◆ EXERCISE GOAL
Search the material for the string "plank", then return every line where it is found.

:: WORKING DATA ::

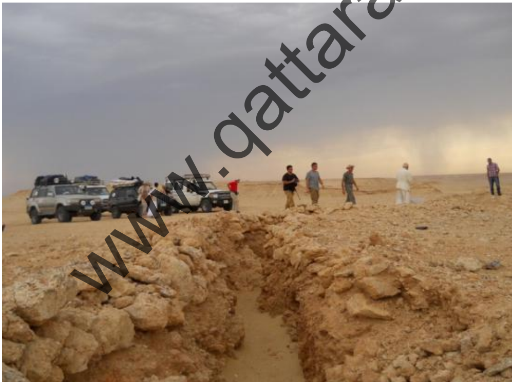
Foto ricordo, esplorazione e domande tecniche e storiche non mancano: il capo spedizione sempre presente risponde soddisfacendo le richieste di tutti.

Dopo pranzo e sotto un cielo ormai plumbeo saliamo su fino a Naqb Rifa alla trincea grande.
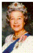
La Reine Elisabeth II
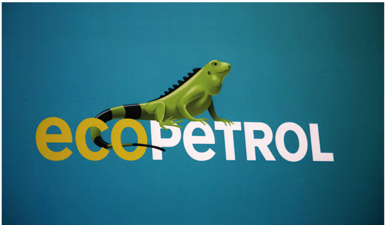
Ecopetrol , envuelta en nueva polémica.

Ecopetrol es una de las empresas más importantes del país y que se ha consolidado también como una petrolera de gran importancia en Latinoamérica. Representa una parte significativa de los ingresos fiscales del país y del Producto Interno Bruto (PIB), al ser el principal productor de petróleo y gas.
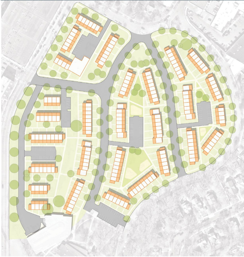
Ikhtiyaarka 1: Dayactir + Ballaarin
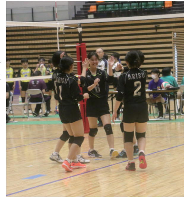
▶チームみんなで喜びを分かち合う

7月11日～14日にかけて気仙地区中学校総合体育大会が開催されました。 本年度は、新型コロナウイルス感染症拡大防止のため、全競技無観客での試合となりました。ここでは、中学生の活躍の様子を紹介します。
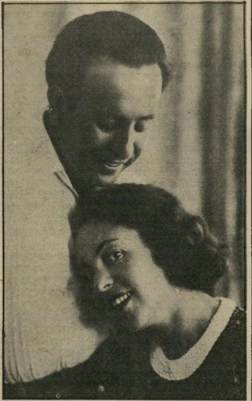
עם אשתו ניורה, בנעוריהם ולפני ארבע שנים, אשתי לא מסוגלת לקום“

סיפרו שרודנסקי הגיע לבית-החולים עדיין לפני ההתקף. זה קרה כששהה כבר בבית-החולים, במחלקה לטיפול נמרץ.
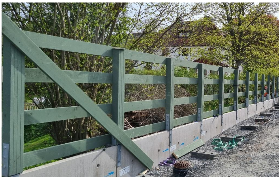
Figur 68. Pågående byggnation av plank

Arbete med montering av plank på L-stöd pågår.
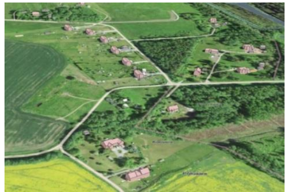
Lähiümbruse hoonestus_väljavõte maa-ameti 3D kaardirakendusest ( https://3d.maaamet.ee/kaart/ )

Lubatud maksimaalne hoonete ehitisealune pind kokku on 400 m 2 (sh elamu pindalaga kuni 240 m 2 ).
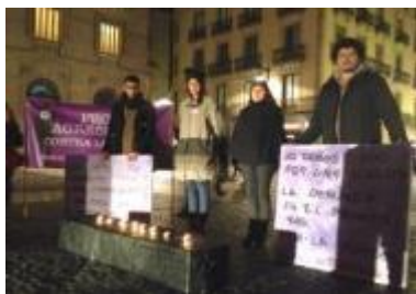
18/1/16 AVALOT UGT

Imatges de les accions, durant els diferents mesos:
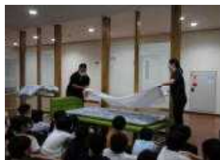
ふとんの敷き方レクチャー

:::

◆ TASK SOLUTION
Figur 68. Pågående byggnation av plank
Arbete med montering av plank på L-stöd pågår.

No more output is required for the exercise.